- [Task description]: Your reply should repeat, exactly, the line containing "Seminar on Income" and the rest of the material after it.
** Opening Supplied material block **
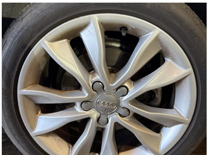
14: Wheel osf Scratched Up To 50mm
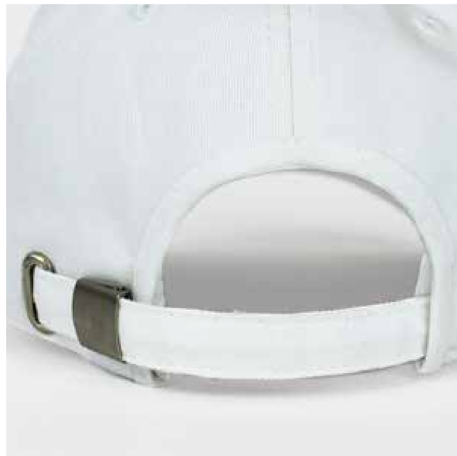
Metal Clasp - Cloth Strap
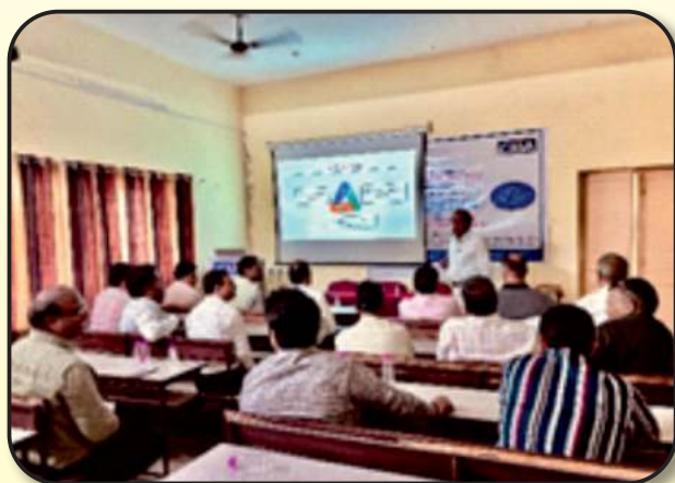
Seminar on Income Tax Bill 2025, Forensic Audit and Scope of Cost Audit- 16th March 2025.

Webinar jointly with other chapters Faridabad, Bhiwani, Beawar, Karnal- Panipat, Sonipat, Srinagar, Chandigarh-Panchkula-Mohali, Shimla, Ghaziabad, Nayanangal, Rewari & Udaipur on 15th February 2025.
** Closing Supplied material block **
- [Task output]:
Seminar on Income Tax Bill 2025, Forensic Audit and Scope of Cost Audit- 16th March 2025.

Webinar jointly with other chapters Faridabad, Bhiwani, Beawar, Karnal- Panipat, Sonipat, Srinagar, Chandigarh-Panchkula-Mohali, Shimla, Ghaziabad, Nayanangal, Rewari & Udaipur on 15th February 2025.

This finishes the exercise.